• About this exercise
Please repeat the listing below exactly, but do not include its pictures.

============================================================

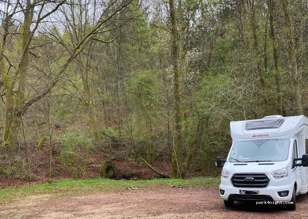 Lieu calme et situé dans la forêt. Parking plat, toilettes à disposition, lac et balades possibles. Rien à dire, nous avons passé une excellent nuit !
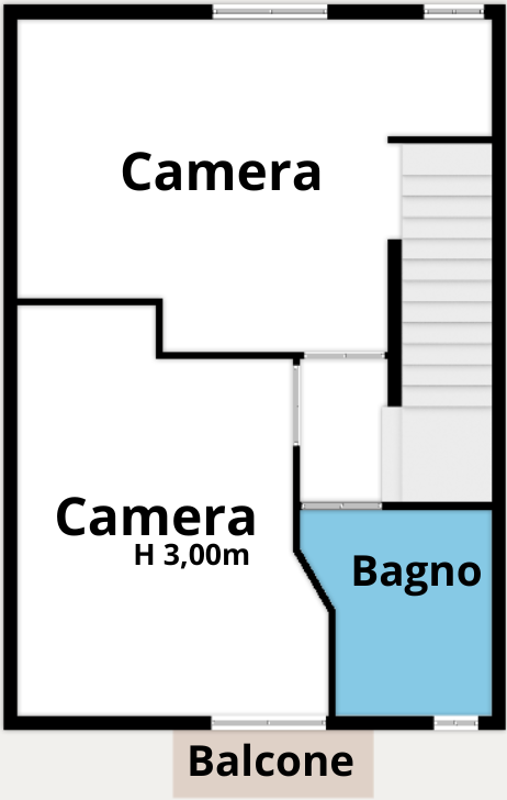 Il primo piano ospita una camera matrimoniale, una seconda camera da letto e un ulteriore bagno finestrato con doccia.
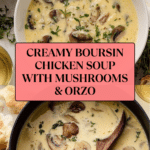 Keywords: Boursin chicken soup, creamy chicken soup, mushroom chicken soup, comfort soup, easy chicken soup, orzo chicken soup
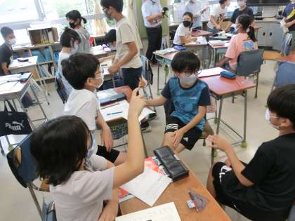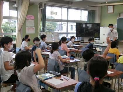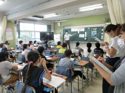校内研究の研究授業、第2回目です。今日は、6年1組で国語「私と本 森へ」の学習です。「森へ」のキャッチコピーを作るために、テーマを考え、伝え合いました。一人一人、筆者が伝えたいことについて自分の考えをもち、よく伝え合えていました。
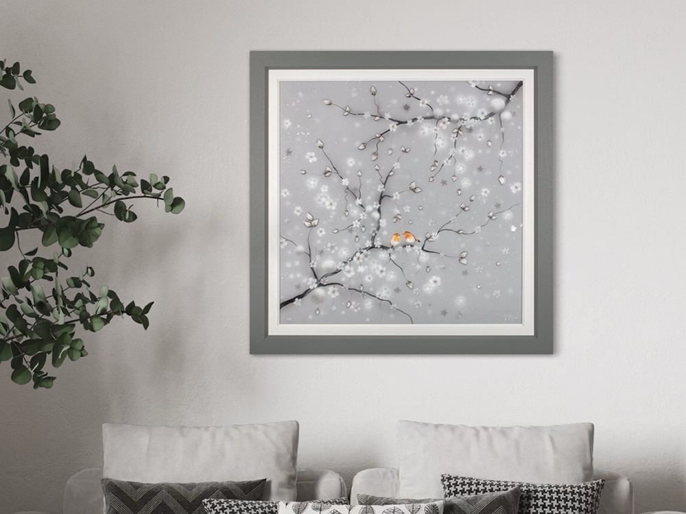 On Watch – Set against Kealey’s signature pale grey background, this gentle and heartfelt piece features two robins perched side by side among delicate branches. With subtle embellishments and soft detailing, On Watch evokes memory, companionship, and quiet guardianship.
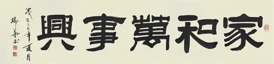 这幅作品笔力沉雄,线条如锥画沙,既具颜体楷书的端庄稳重,又在撇捺、转折处可见方圆笔法的灵动变化。“家”字结构宽绰,尽显包容之态;“和”字笔画凝练,传递和睦之韵。整幅作品布局疏朗,墨色浓淡相宜,将“家和万事兴”的传统吉语以极具张力的书法语言呈现,既适合厅堂悬挂的审美需求,又通过笔墨的厚重感传递出对家庭伦理的敬重,是其颜体书法生活化表达的典型范例。
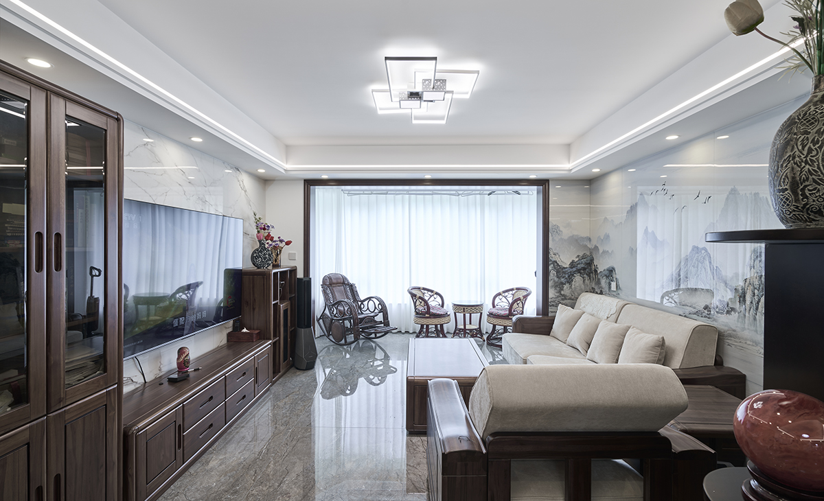 客廳是接待客人的空間、是家庭裝修的亮點所在、也是一家人活動頻率最高的區域,米色皮質沙發和白色山水畫巖板相呼應,體現高端華貴,吊頂造型上采用方形石膏板+雙眼出線型燈,實木電視柜和茶風、條幾上放一裝飾擺件。地面采用灰色玻化地磚。造型和色調上無不體現新中式風格的厚重和高貴。
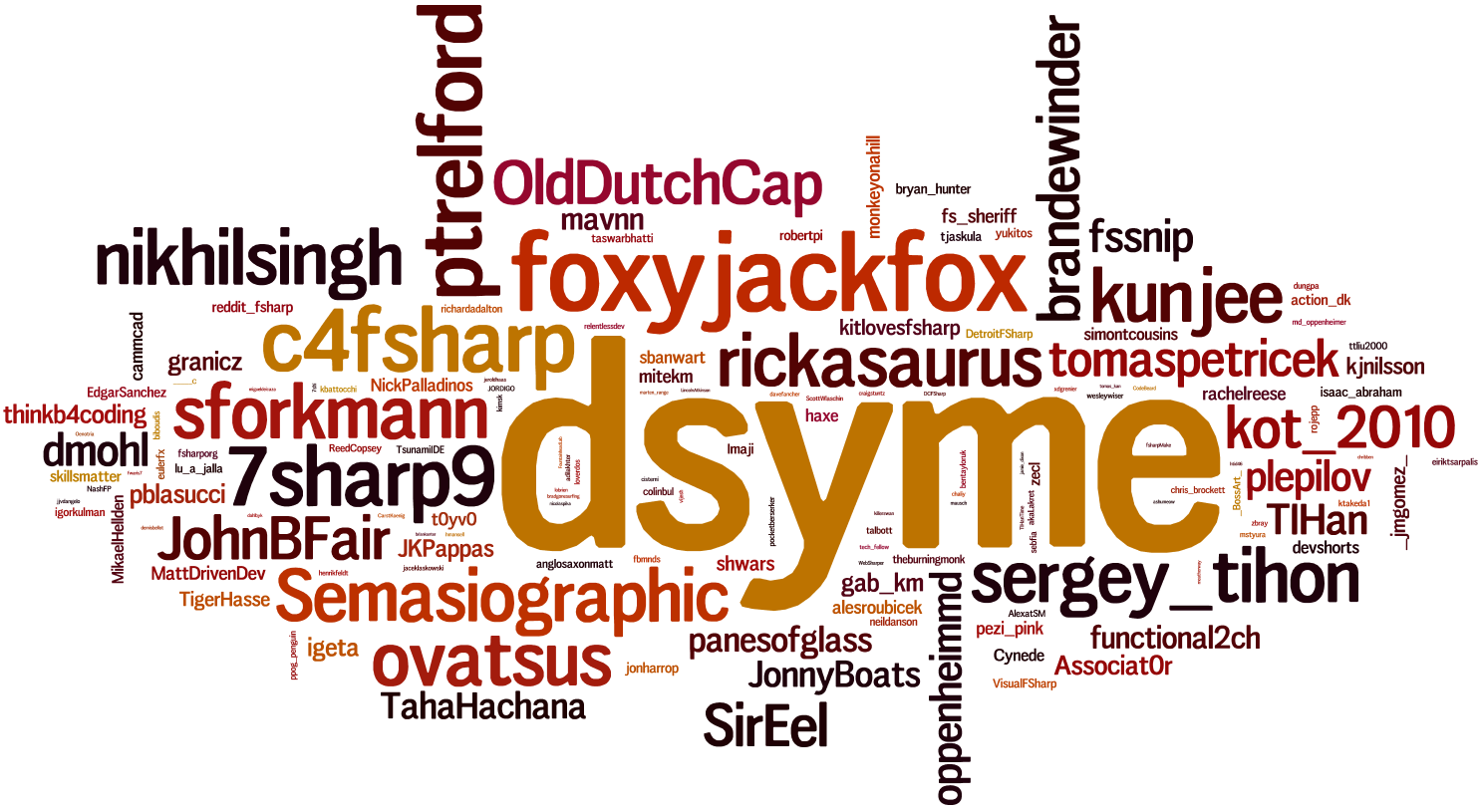 The first picture on the top of this page is based on total twitter activity around #fsharp hashtag. The size of twitter names depends on sum number of people tweets and retweets. Other charts are self descriptive. Thank you guys for your effort, let’s make 2014 even better.
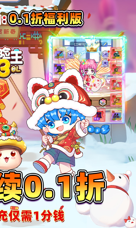 《冒险王3ol(0.1折怀旧服)》是冒险王手游系列的又一新品,传承了冒险王系列手游的经典玩法和美术风格。上线就送免费充值工具,直接免费激活首充,还能激活所有福利卡拿海量资源,每日累充,充全部激活,全场0.1折购买,拿海量金币且激活游戏内大量累充活动,拿极品奖励!每天登录活跃就可领取海量充值卡!百万充值卡上亿彩钻等你来拿!充值卡直接激活贵族vip!神级还原了吸怪的经典玩法,q萌boss满身神装等你爆,还有数千种时尚搭配。神秘的未知大陆,q萌的冒险世界,快来和小伙伴们一起找回最初的快乐吧!
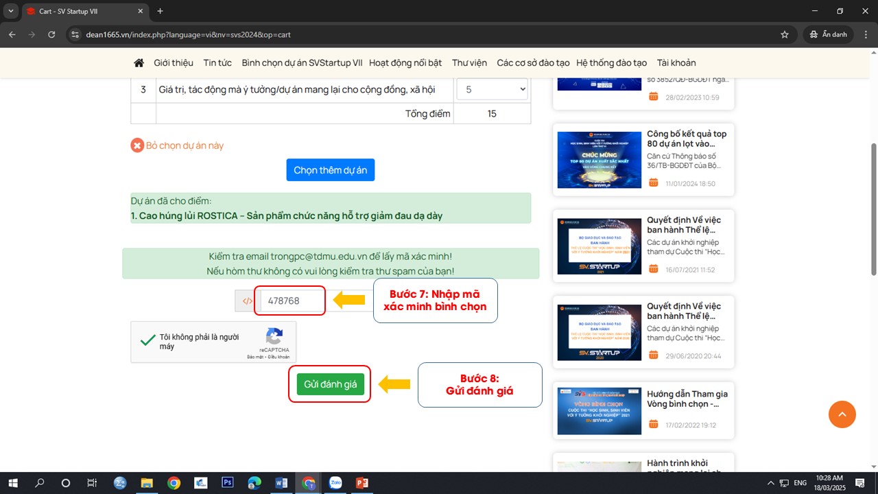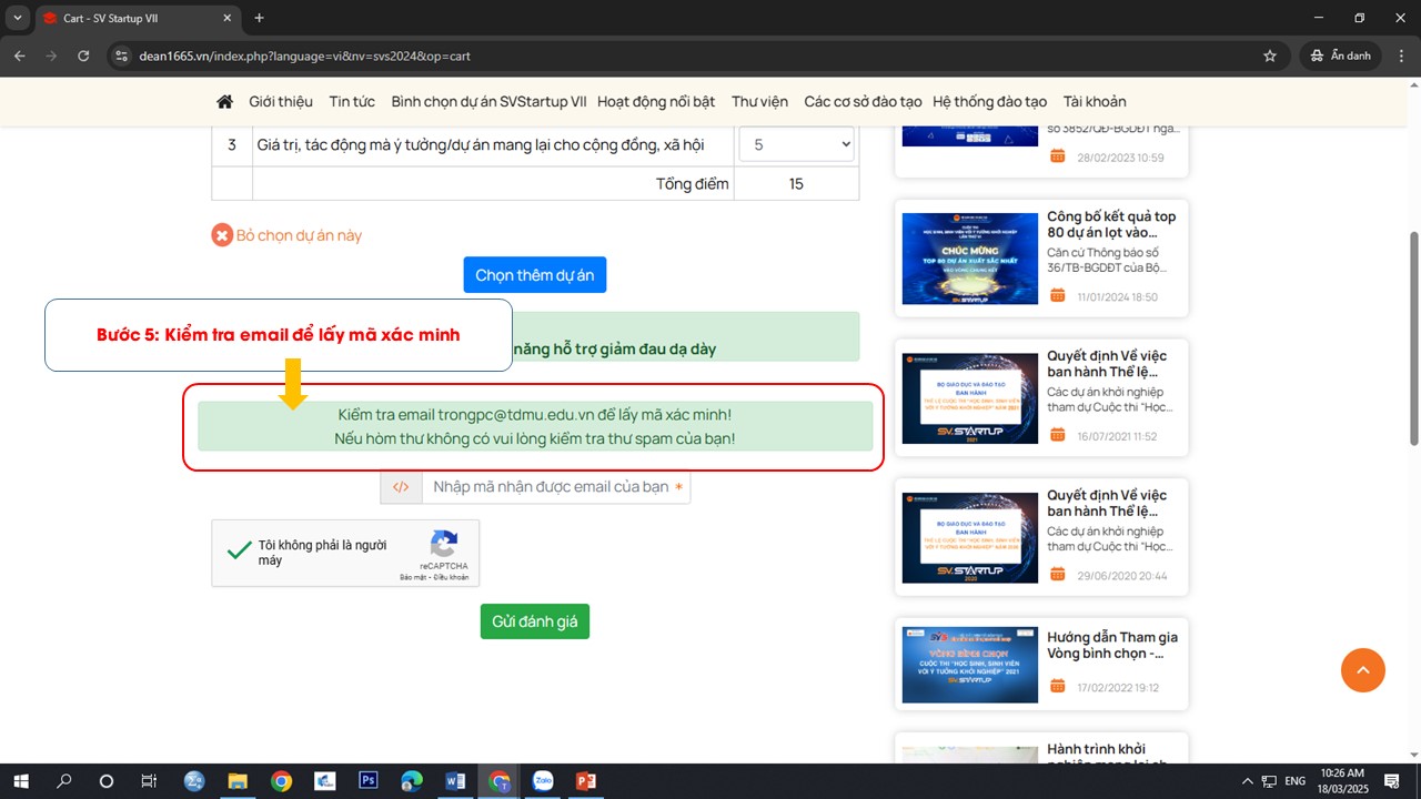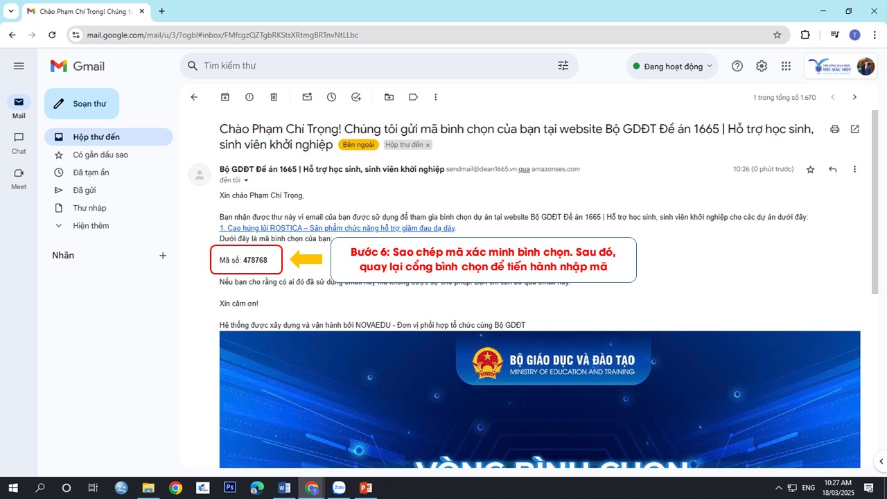 Bước 6: Sao chép mã xác minh bình chọn. Sau đó, quay lại cổng bình chọn để nhập mã

============================================================

• Task output
 Lieu calme et situé dans la forêt. Parking plat, toilettes à disposition, lac et balades possibles. Rien à dire, nous avons passé une excellent nuit !
 Il primo piano ospita una camera matrimoniale, una seconda camera da letto e un ulteriore bagno finestrato con doccia.
 Keywords: Boursin chicken soup, creamy chicken soup, mushroom chicken soup, comfort soup, easy chicken soup, orzo chicken soup
校内研究の研究授業、第2回目です。今日は、6年1組で国語「私と本 森へ」の学習です。「森へ」のキャッチコピーを作るために、テーマを考え、伝え合いました。一人一人、筆者が伝えたいことについて自分の考えをもち、よく伝え合えていました。
 On Watch – Set against Kealey’s signature pale grey background, this gentle and heartfelt piece features two robins perched side by side among delicate branches. With subtle embellishments and soft detailing, On Watch evokes memory, companionship, and quiet guardianship.
 这幅作品笔力沉雄,线条如锥画沙,既具颜体楷书的端庄稳重,又在撇捺、转折处可见方圆笔法的灵动变化。“家”字结构宽绰,尽显包容之态;“和”字笔画凝练,传递和睦之韵。整幅作品布局疏朗,墨色浓淡相宜,将“家和万事兴”的传统吉语以极具张力的书法语言呈现,既适合厅堂悬挂的审美需求,又通过笔墨的厚重感传递出对家庭伦理的敬重,是其颜体书法生活化表达的典型范例。
 客廳是接待客人的空間、是家庭裝修的亮點所在、也是一家人活動頻率最高的區域,米色皮質沙發和白色山水畫巖板相呼應,體現高端華貴,吊頂造型上采用方形石膏板+雙眼出線型燈,實木電視柜和茶風、條幾上放一裝飾擺件。地面采用灰色玻化地磚。造型和色調上無不體現新中式風格的厚重和高貴。
 The first picture on the top of this page is based on total twitter activity around #fsharp hashtag. The size of twitter names depends on sum number of people tweets and retweets. Other charts are self descriptive. Thank you guys for your effort, let’s make 2014 even better.
 《冒险王3ol(0.1折怀旧服)》是冒险王手游系列的又一新品,传承了冒险王系列手游的经典玩法和美术风格。上线就送免费充值工具,直接免费激活首充,还能激活所有福利卡拿海量资源,每日累充,充全部激活,全场0.1折购买,拿海量金币且激活游戏内大量累充活动,拿极品奖励!每天登录活跃就可领取海量充值卡!百万充值卡上亿彩钻等你来拿!充值卡直接激活贵族vip!神级还原了吸怪的经典玩法,q萌boss满身神装等你爆,还有数千种时尚搭配。神秘的未知大陆,q萌的冒险世界,快来和小伙伴们一起找回最初的快乐吧!
 Bước 6: Sao chép mã xác minh bình chọn. Sau đó, quay lại cổng bình chọn để nhập mã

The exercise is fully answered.